Они шли быстро. Когда подошли к дому, навстречу выбежал мальчик. На нём была фуфайка до самой земли, на голове женский платок, а на ногах отрезки от валенок.

— Мама, что же ты так долго не приходила. Я уж думал, что ты совсем не придёшь.

— Ты что тут делаешь, ведь дождь, замёрз, наверное, весь промок…

— Да там этот пьяный ругается. Люся, он съел весь мой обед.

Михаил, войдя в дом, остановился: на столе, под столом пустые бутылки, остатки от трапезы – картофельные и яичные очистки. На кровати — пьяный мужик в одежде и грязной обуви.
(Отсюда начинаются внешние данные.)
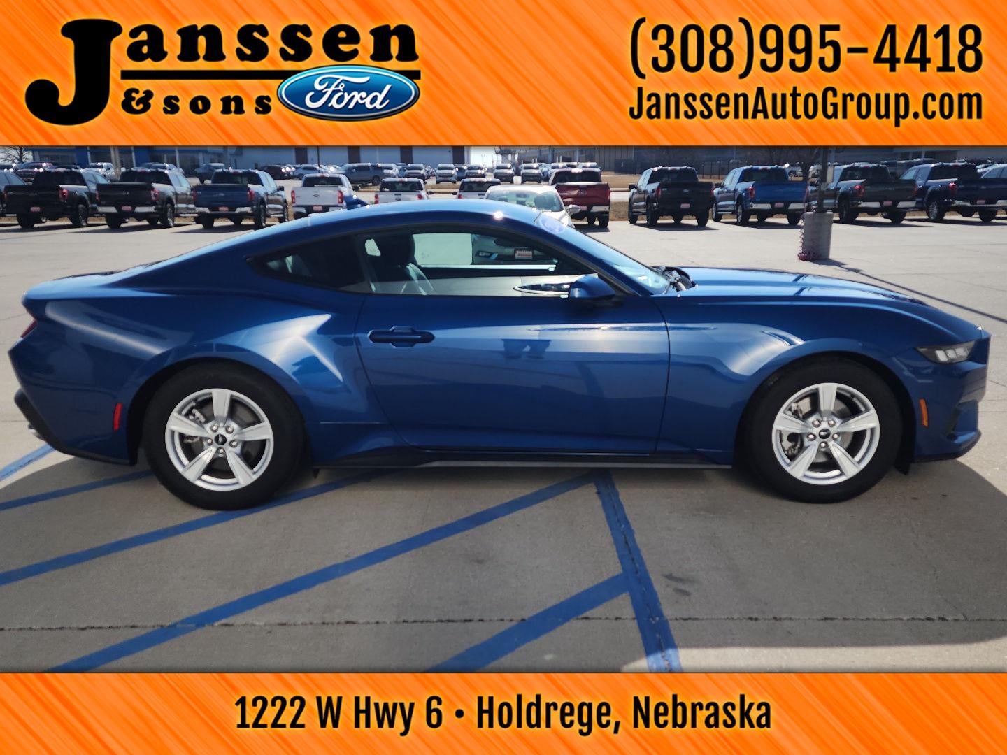 This 2024 Ford Mustang EcoBoost is offered in Atlas Blue Metallic with Space Gray interior, and has 17,616 miles.

Храп его прерывался ругательствами, от которых ребёнок вздрагивал.

— Люся, они с другом пили тут. А сапоги твои он починил и отнёс Фёкле-самогонщице и весь керосин, теперь нечем будет примус разжечь.

Ванюшка называл девушку то Люсей, то мамой. Он плакал, размазывая слёзы грязными ручонками. Люся утешала его.

— Посмотри, что я тебе принесла.

— А что это?

— Это котлеты. Поешь, очень вкусно. Только откусывай понемногу и хорошо пережевывай, не торопись, а то живот заболит.

Михаилу хотелось взять этого пьяницу за шиворот и вышвырнуть вон из дома под дождь. Гнев, обида за этих двух сирот жгла сердце. Он подошёл к кровати: «Рядовой Сысоев, встать!».

Пётр пошевелился, открыл глаза, подумал, что приснилось, наверное: перед ним стоял майор. Глаза Петра округлились, он повёл взглядом кругом, увидел Люсю и Ваню. Нет, это не сон.

— Встать, кому сказано!

Пётр вскочил, вытянулся по стойке смирно.

— Где воевал? В каких войсках?

— Сталинград. Артиллерист я. Ранение получил за Волгой при переправе.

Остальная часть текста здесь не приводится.